Video games sure have come a long way since the first modern games were released back in 1971 (Compter Space) and 1972 (Pong). But it's not just the graphics, movement, and gameplay that have evolved over the decades. Even the controls used to interact with our favorite games have gone through the ringer of gaming infancy, awkward adolescence, to what they look like now - and who's to say they won't keep on changing as new games and new technologies emerge?

GadgetLove, a website known for their gadget reviews and stunning, high-quality GIFs, has put together interactive slide shows (and animated GIF's) that show how video game controllers have changed over the years. Some, like Nintendo, are unrecognizable from its earliest form, while others like Sony and X-box, while they have definitely undergone design changes, are still basically the same in form as they have been from the start.
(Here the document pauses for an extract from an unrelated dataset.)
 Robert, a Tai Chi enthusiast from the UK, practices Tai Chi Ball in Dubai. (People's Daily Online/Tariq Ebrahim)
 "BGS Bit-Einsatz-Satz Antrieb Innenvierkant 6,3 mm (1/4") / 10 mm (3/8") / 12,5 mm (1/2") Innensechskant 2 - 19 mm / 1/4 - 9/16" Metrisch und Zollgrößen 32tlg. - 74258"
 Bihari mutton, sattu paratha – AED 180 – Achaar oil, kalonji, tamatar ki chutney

Sony's Playstation controller is the most unchanged from the bunch. The most major addition to the overall controller were the two joysticks that were added for the thumbs. But otherwise, the morphing slideshow does not show much revisions to the design that has clearly worked.

Microsoft's X-box definitely went through an awkward phase like most teenagers. For a time, it got rounder, and even sported a ridiculously useless, and in-your-face green X button that they have, thankfully thought the better off, and shrunk and made less garish in the most recent incarnation of the controller. Like the Playstation controller, it's most basic functional form was kept intact for the most part.
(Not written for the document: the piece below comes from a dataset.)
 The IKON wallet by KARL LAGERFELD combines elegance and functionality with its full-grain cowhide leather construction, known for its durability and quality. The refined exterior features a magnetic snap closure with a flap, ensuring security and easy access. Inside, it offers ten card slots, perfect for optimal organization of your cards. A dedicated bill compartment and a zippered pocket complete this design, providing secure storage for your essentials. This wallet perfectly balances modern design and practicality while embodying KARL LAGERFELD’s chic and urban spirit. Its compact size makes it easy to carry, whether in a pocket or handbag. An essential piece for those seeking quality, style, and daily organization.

Then there's the grand daddy of video game consoles, the Nintendo. The controller for Nintendo has undergone the most drastic of revisions over the decades and is the platform that most clearly reflects the changes and breakthroughs in technology, and how the company thought players would best want to interact with new gaming technology, with every version of its controller.

As GadgetLove themselves put it, "Each new version [of Nintendo] isn't simply an evolution of form factor, but a reimagining of how next generation games will be played in the future."